Now we’ll run repose from our container, using our local config instead of the config in the container.

$ docker run -it -v `pwd`/etc/repose:/etc/repose -p 8080:8080

If you’re using boot2docker, you can use boot2docker ip to find the IP of your VM.

$ export REPOSE_HOST=`boot2docker ip`
$ curl "http://$REPOSE_HOST:8080"

You should see the homepage HTML from ionrock.org!

Once you have repose running, you can leave it up and change the config as needed. Repose will periodically pick up any changes without restarting.

I’ve gone ahead and automated the steps in this repose-playground repo. While it can be tricky to get started with repose, especially if you’re not familiar with Java, it is worth taking a look at repose for implementing orthogonal requirements that make the essential application code more complex. This especially true if you’re using a micro services model where the less code the better. Just run repose on the same node, proxying requests to your service, which only listens on localhost and you’re good to go.

Docker vs. Provisioning

Lately, I’ve been playing around with Docker as I’ve moved back to OS X for development. At the same time, I’ve been getting acquainted with Chef in a reasonably complex production environment. As both systems have a decent level of overlap, it might be helpful to compare and contrast the different methodologies of these two deployment tactics.

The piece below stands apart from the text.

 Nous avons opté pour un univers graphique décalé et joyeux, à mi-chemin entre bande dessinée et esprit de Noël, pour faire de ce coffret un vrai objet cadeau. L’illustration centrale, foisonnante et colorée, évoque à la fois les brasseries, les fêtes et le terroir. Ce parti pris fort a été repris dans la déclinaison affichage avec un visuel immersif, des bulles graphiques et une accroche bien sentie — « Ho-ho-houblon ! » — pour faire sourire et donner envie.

What does Docker actually do?

Docker wraps up the container functionality built into the Linux kernel. Basically, it lets a process use the machine’s hardware in a very specific manner, using a predefined filesystem. When you use docker, it feels like starting up a tiny VM to run a process. But, what really happens, the container’s filesystem is used along with the hardware provided by the kernel in order to run the process in an isolated environment.

When you use Docker, you typically start from an “image”. The image is just an initial filesystem you’ll be starting from. From there, you might install some packages and add some files in order to run some process. When you are ready to run the process, you use docker run and it will get the filesystem ready and run the process using the computer’s hardware.

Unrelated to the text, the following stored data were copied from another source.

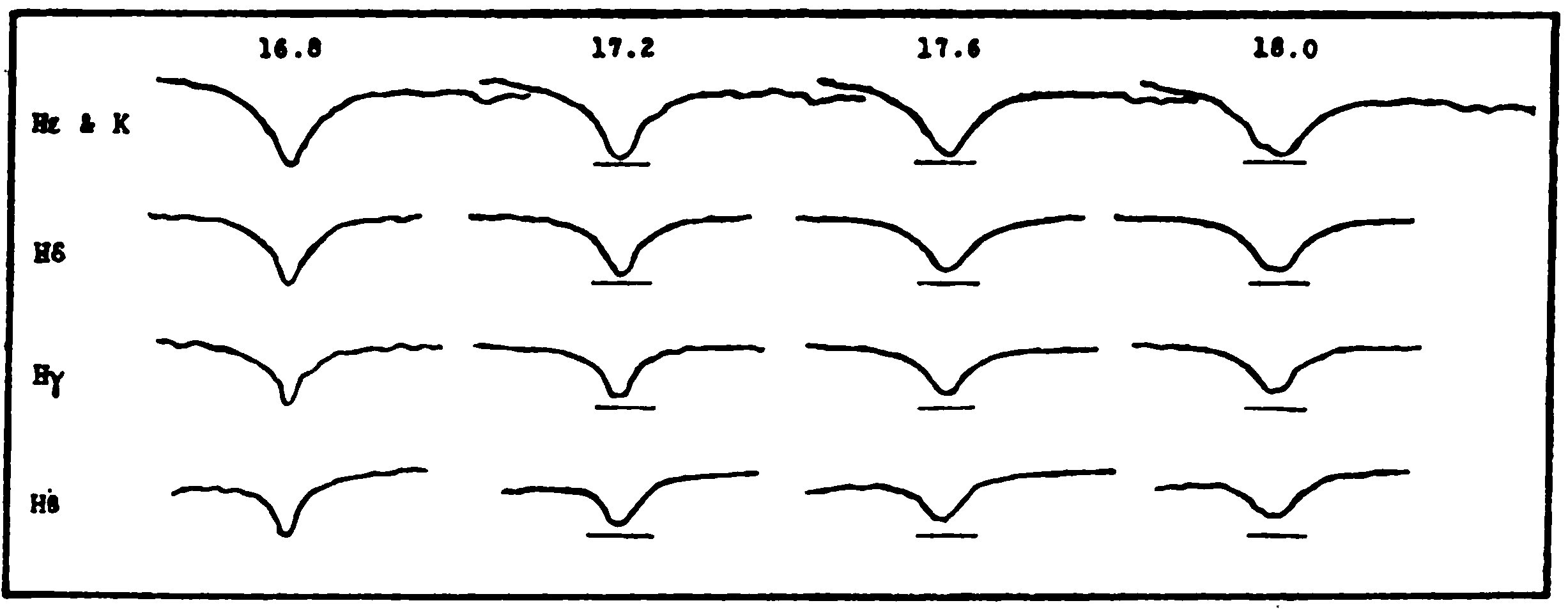 The microphotometer tracings on paper prints were measured with respect to the reference marks. Lines, representing “darkness” and “clear film,” were ruled from end to end of the tracing, and across the absorption lines a curve was drawn, completing the curve of the neighboring continuous background. For early type stars this background curve can be drawn without ambiguity; but when the spectrum is rich in lines, the course of the unlined continuous background is largely a matter of judgment.
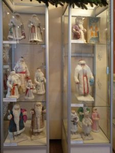 Отец Пётр рассказывает, что именно увлечение изготовлением ватных игрушек по старинной дореволюционной технологии и привело к тому, что несколько лет назад они с матушкой Ксенией стали заниматься собиранием подобных изделий. Сейчас в их семейной коллекции насчитывается более 50 старинных Дедов Морозов и Снегурочек. На выставке в музее представлено около 40 экспонатов. Самый редкий – Ленинградский Дед Мороз, датируемый мартом 1941 года, переживший блокаду, войну…
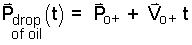 Now we choose to look at this delivery of oil as an event of "Uniform Motion." The system of our event will be the drop of "drop" we discussed above. Since we will deal with vectors, we fix an imaginary origin to the pipe at the location of the velocity gage. The actual pipe is not straight, but our answer will be correct. The initial and final position vectors of the drop are:
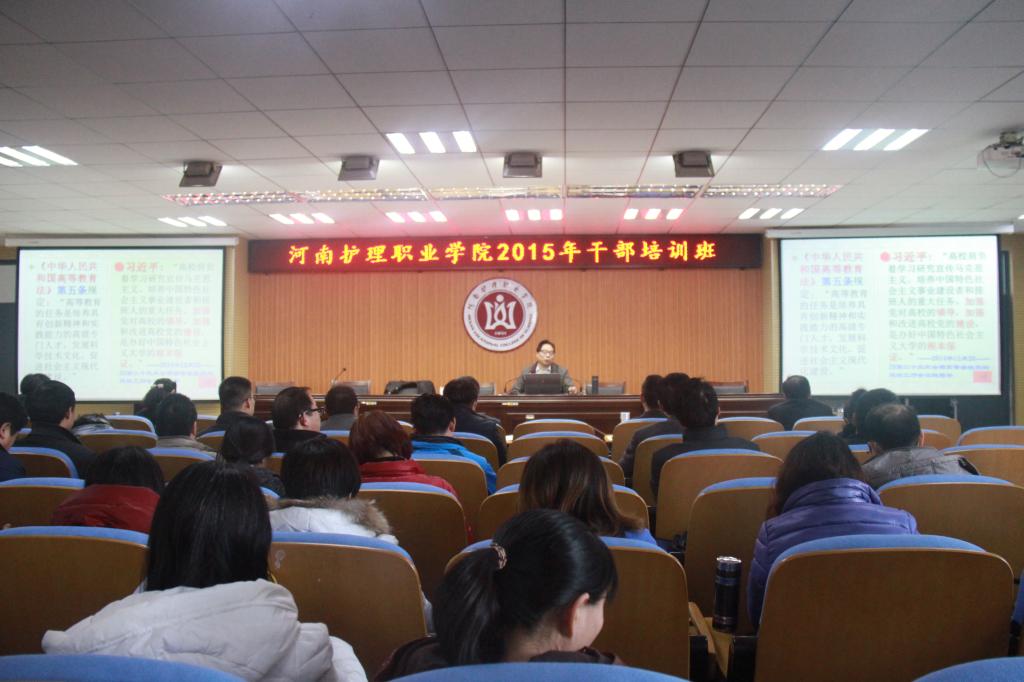 为认真贯彻落实党的十八届四中、五中全会精神,深入学习贯彻习近平总书记系列重要讲话精神,加强我院中层干部的教育培养和队伍建设,全面提升中层干部的理论修养、领导能力和决策水平,我院于12月4日特邀河南大学党委组织部张秋梅副部长及中共河南省委党校党建部主任郭献功教授来院为我院的中层干部及党务管理干部进行专题培训。院党委副书记、纪委书记胡景团主持培训会。
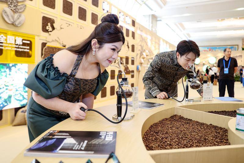 9月16日,在2025“一带一路”媒体合作论坛现场,来自中柬埔寨的网络达人通过咖啡闻香瓶感受云南咖啡的不同风味。
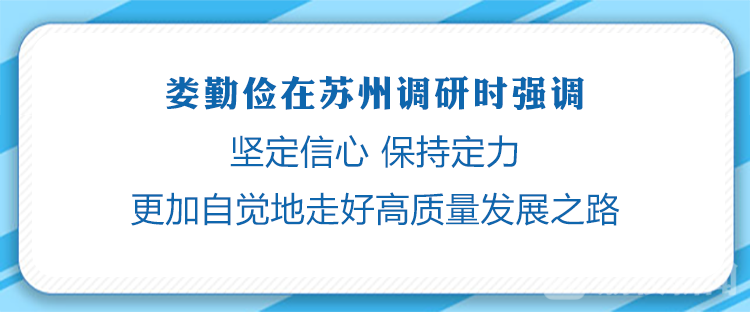 荔枝新闻讯 7月16日至17日,江苏省委书记娄勤俭就做好当前经济工作在苏州调研。他强调,要始终坚持以习近平新时代中国特色社会主义思想为指导,坚定发展信心,保持战略定力,抓住用好机遇,扩大对外开放,着力推动改革走深走实,通过做好精准服务充分激发市场主体的活力和创造力,扎扎实实推动高质量发展。
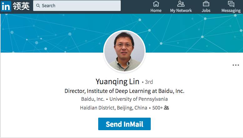 大数据文摘查看发现,林元庆的领英界面还未更新,仍显示他为百度深度学习实验室(IDL)主任。
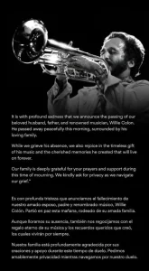 Este sábado 21 de febrero se confirmó el fallecimiento del salsero Willie Colón. Por medio de su página de Facebook, los familiares del artista expresaron. “Es con profunda tristeza que anunciamos el fallecimiento de nuestro amado esposo, padre y reconocido músico”.
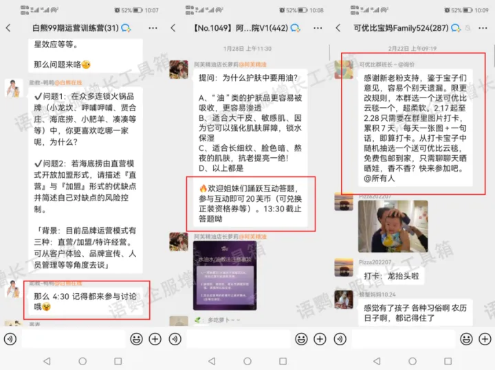 因此,做好日常的话题互动十分重要,可安排几个水军号响应话题,带动讨论。不同类型的社群有不同的话题互动模式,例如课程学习类社群可安排课题内容讨论,参与讨论的用户额外获得作业点评机会;美妆护肤社群可通过变美知识问答让用户参与答题,获取积分;母婴社群鼓励妈妈晒娃,连续晒娃赢奖品等。

Where this differs from VM is that you only start one process. While you might create a container that has installed Postgres, RabbitMQ and your own app, when you run docker run myimage myapp, no other processes are running. The container only provides the filesystem. It is up to the caller how the underlying hardware is accessed and utilized. This includes everything from the disk to the network.

What does a Provisioner do?

A provisioner, like Chef, configures a machine in a certain state. Like Docker, this means getting the file system sorted out, including installing packages, adding configuration, adding users, etc. A provisioner also can start processes on the machine as part of the provisioning process.

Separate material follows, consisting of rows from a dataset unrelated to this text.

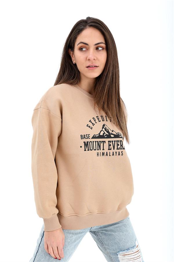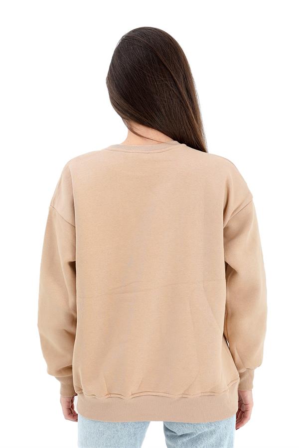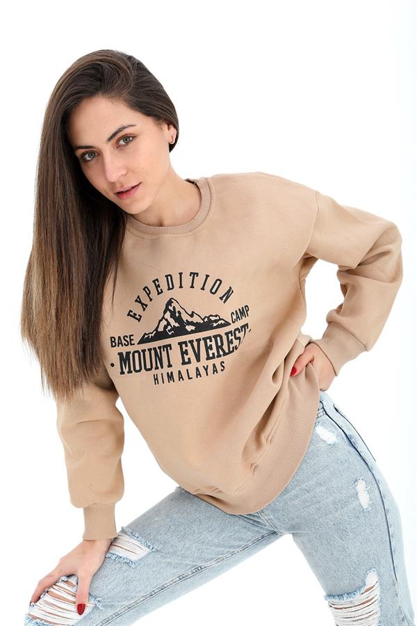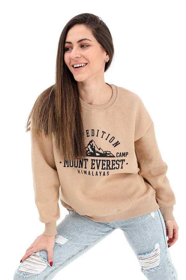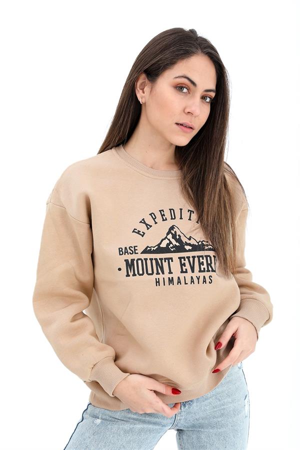 Bisiklet Yaka Baskılı Üç İplik Sweat - Bej
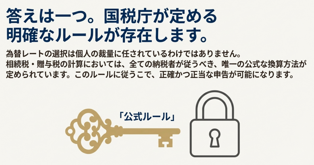 実務においては、まず結論となる基本ルールを正確に把握することが何よりも重要です。複雑な詳細に入る前に、相続税・贈与税申告における外貨(現金)評価の最も核心的なルールをここで明確に提示します。
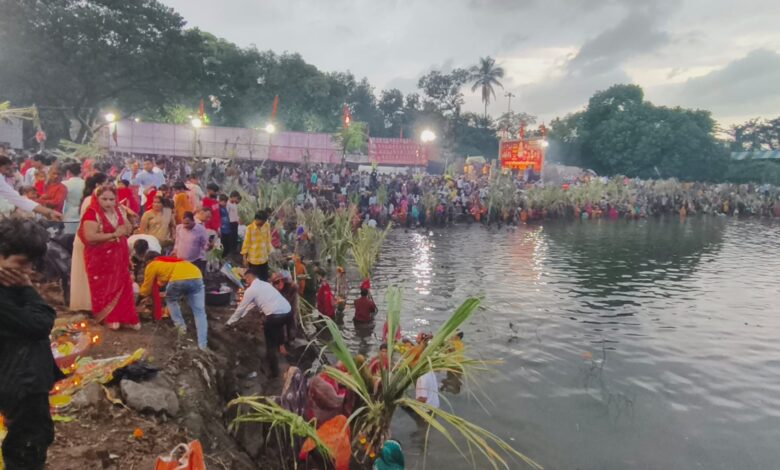 छटपूजेला कलवा पूर्व येथे उत्तर भारतीय महिला व हिंदी भाषिक यांची तुफान गर्दी.
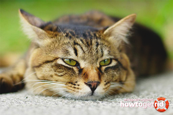 An attentive owner will notice that something is wrong with the animal. The cat becomes apathetic, refuses to eat, she may start convulsing, diarrhea and increased salivation may appear.
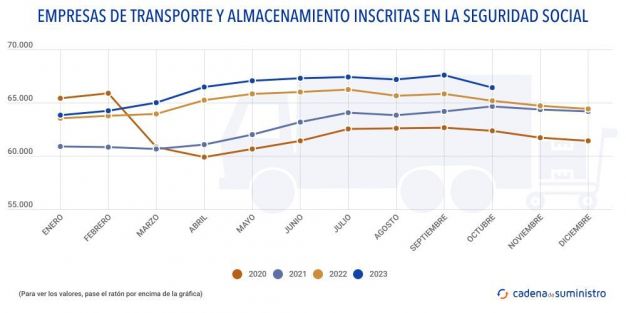 Durante el pasado mes de octubre ha crecido el número de empresas de transporte y almacenamiento inscritas en la Seguridad Social.

A provisioner usually starts from a known image. In this case, I’m using “image” in the more common VM context, where it is a snapshot of the OS. With that in mind, a provisioner doesn’t require a specific image, but rather, the set of required resources necessary to consider the provisioned machine as complete. For example, there is no reason you couldn’t use a provisioner to create user directories across variety of unices, including OS X and the BSDs.

Different Deployment Strategies

The key difference when using Docker or a provisioner is the strategy used for deployment. How do you take your infrastructure and configure it to run your applications consistently?

Docker takes the approach of deploying containers. The concept of a container is that it is self contained. The OS doesn’t matter, assuming it supports docker. Your deployment then involves getting the container image and running the processes supported by the container.

From a development perspective, the deliverable artifact of the build process would be a container (or set of containers) to run your different processes. From there, you would configure your infrastructure accordingly, configuring the resources the processes can use at run time.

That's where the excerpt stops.